MAKASSARCHANNEL , MAKASSAR– Sejumlah guru sertifikasi di Kota Makassar mendatangi Dewan Perwakilan Rakyat Daerah (DPRD) Kota Makassar pada Rabu, 12 Februari 2025, untuk menyampaikan keluhan terkait tunggakan tunjangan sertifikasi yang belum dibayarkan selama enam bulan, yakni dari Juli hingga Desember 2024
Dalam audiensi tersebut, para guru diterima oleh Wakil Ketua I DPRD Makassar, Andi Suharmika, serta beberapa anggota Komisi D DPRD Makassar, termasuk Muchlis Misbah dan Fahrizal Arrahman Husain
Turut hadir Kabag Humas dan Protokol DPRD Makassar, Syahril, yang mendampingi jalannya pertemuan.

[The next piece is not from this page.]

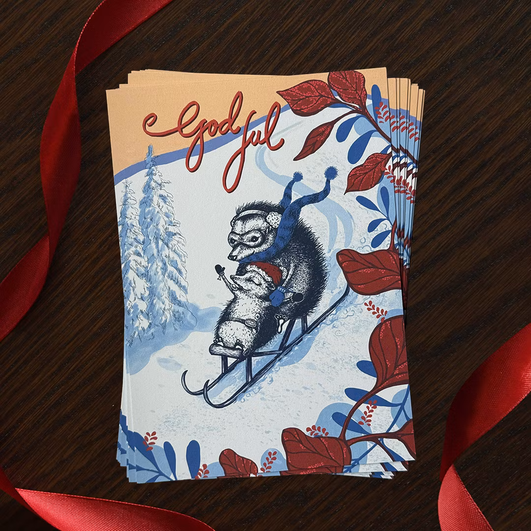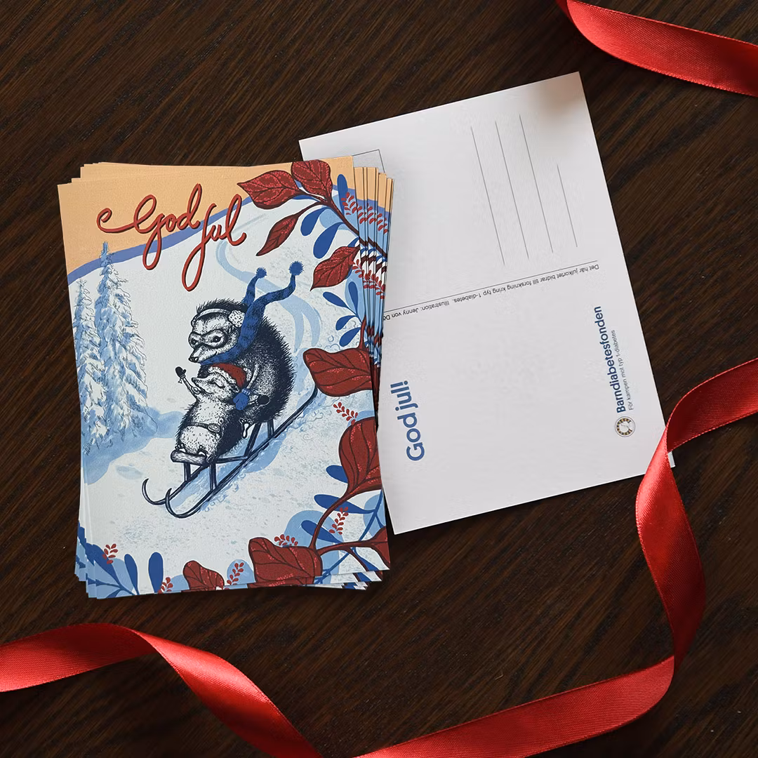 Skicka Barndiabetesfondens fina julkort till dina nära och kära – samtidigt som du bidrar till forskningen kring typ 1-diabetes. Motivet föreställer igelkottarna Sticke (med pump och sensor) och hans mamma som åker kälke i backen. Motivet är illustrerat av Jenny von Döbeln.
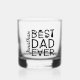 Modernes, trendy Typografie Whiskey Glas. ''Bester Vater je'' ist in einem modernen, stilvollen Drehbuch geschrieben und beinhaltet einen Namen, einen Bogen, einen Hut, einen Schnurrbart und eine Krawatte. Ideal zum Geburtstag, zu Weihnachten oder zum Vatertag. Fügen Sie einen Namen hinzu, um ihn eindeutig zu machen.

Menurut perwakilan Aliansi Guru Sertifikasi, meski telah berusaha berkomunikasi dengan Dinas Pendidikan maupun Pemerintah Kota Makassar, hingga memasuki Februari 2025, tunjangan sertifikasi yang menjadi hak mereka belum juga dibayarkan
“Kami yang berjumlah 278 orang belum menerima tunjangan selama enam bulan. Padahal ini adalah hak kami sebagai tenaga pendidik,” ungkap salah satu guru
Menanggapi keluhan tersebut, Muchlis Misbah menegaskan bahwa Pemerintah Kota Makassar harus segera menyelesaikan permasalahan ini agar tidak terulang di masa mendatang
“Kami meminta pemerintah kota lebih fokus menyelesaikan masalah ini. Jangan sampai ini terulang lagi, karena jika guru saja tidak mendapatkan perhatian, bagaimana generasi bangsa ini dapat berkembang?” tegasnya
DPRD Makassar berjanji akan terus mengawal permasalahan ini hingga ada solusi konkret dari pemerintah daerah dan kementerian terkait. Para guru berharap agar tunjangan mereka segera dicairkan, sehingga mereka dapat menjalankan tugasnya dengan tenang dan tanpa hambatan finansial.